77824 items in array...
                s/iter        alphanum Sort::Naturally    natural_sort
alphanum          17.7              --            -69%            -93%
Sort::Naturally   5.43            225%              --            -76%
natural_sort      1.29           1273%            322%              --   

Now. The point of all this. What should I do with this? Is this worth converting to a module and releasing? If so, what should it be called? (Sort::Naturally is already taken.) Or am I barking up the wrong tree? (Or just barking?) Your comments and criticisms are welcome.

Replies are listed 'Best First'.
Re: Natural sorting
by dragonchild (Archbishop) on Dec 14, 2007 at 23:07 UTC
    Have you gone to the maintainer of Sort::Naturally and offered to provide a patch? Maybe it gets released under that name as part of the Sort::Naturally distro. Or, as is possible, you might even be given the Sort::Naturally distro to maintain. That's how I got my start with both PDF::Template and DBM::Deep.
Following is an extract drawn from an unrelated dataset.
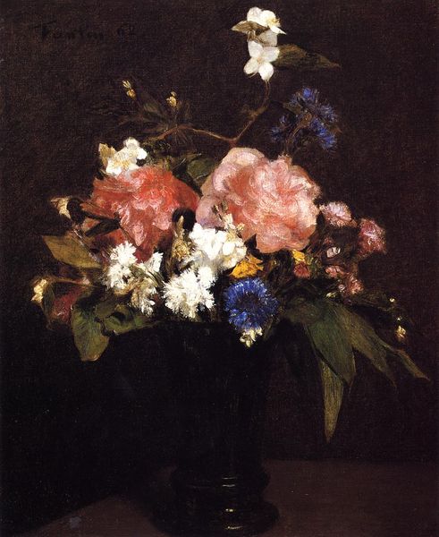 Curator: Standing here, I'm reminded of secrets whispered in dimly lit rooms. What’s your take on this work? Editor: There’s an immediate drama, isn’t there? That deep, almost cavernous background really makes the flowers leap out, a bit like a stage bathed in light. Curator: Indeed. We’re looking at Henri Fantin-Latour’s “Flowers,” from 1863. Executed with oil paints. Fantin-Latour, while embracing photography, devoted himself almost religiously to still-life paintings of flowers. Editor: You know, there's something about these paintings – flowers forever captured just as they teeter on the edge of decay, brimming, swollen, full. And it reminds me a lot of vanitas symbolism... All this vibrant life framed by the imminence of its fading. Curator: Spot on! Fantin-Latour certainly straddled a curious line—grounded in realism yet infused with a romantic, almost dreamlike quality. See how the textures seem almost felt, not just seen? He paints reality, but elevates it, I suppose. Editor: He definitely has an unusual mastery. It feels like a nod to past masters while pre-empting modern notions of transient beauty. Curator: And his flower paintings gained such popularity in England that they freed him from portrait commissions, which he allegedly disliked intensely, wasn’t very good at, and loathed doing. He apparently stated to Whistler, “If I could live on my flower pieces, I would never paint another portrait.” So there you have it, these unassuming posies liberated him from a vocation that he found stifling, and perhaps he encoded that feeling, his own, within it, using that symbolism of the flowers as a statement. Editor: Right. When you know how he struggled with those society portraits, the symbolism is all the more telling. He managed to cultivate the transience of life and fleeting beauty, or vice versa. What do you think? Curator: I think they capture moments of beauty, then gone. So you grab onto them to recall later, when memory is vague. Fantin-Latour is whispering: “Remember!”

    My criteria for good software:
    1. Does it work?
    2. Can someone else come in, make a change, and be reasonably certain no bugs were introduced?
Re: Natural sorting
by pKai (Priest) on Dec 15, 2007 at 09:10 UTC

      Good point. Being an XS module I would expect it to have good performance, though for some reason it won't build on my system so I haven't been able to test it.

        I would appreciate if you could send my a bug report stating the cause of the build error (the output from make will do), your perl version, OS and processor (or perl -V output).

        oh, and BTW...

        use Sort::Key qw(keysort); sub mkkey { my $key = deaccent $_; $key =~ s/(?<=\d)\Q$separator\E(?>=\d)//g; $key =~ s{0*(\d+)}{ my $len = length $1; "\x00" . ('9' x ($len / 9)) . ($len % 9) . $1 }eg; $key; } ... cmpthese( -30, { #'alphanum' => sub { @temp = sort { alphanum( $a, $b ) +} @array; }, #'Sort::Naturally' => sub { @temp = nsort(@array) }, 'natural_sort' => sub { @temp = natural_sort(@array) }, 'Sort::Key' => sub { @temp = keysort \&mkkey, @array }, } );
        says...
        78848 items in array... s/iter natural_sort Sort::Key natural_sort 3.51 -- -31% Sort::Key 2.41 46% --
Re: Natural sorting
by Not_a_Number (Prior) on Dec 15, 2007 at 09:59 UTC

    Small aside: 'Œ'/'œ' is common in French, as in 'œuf' ('egg'), but is missing from your %trans hash.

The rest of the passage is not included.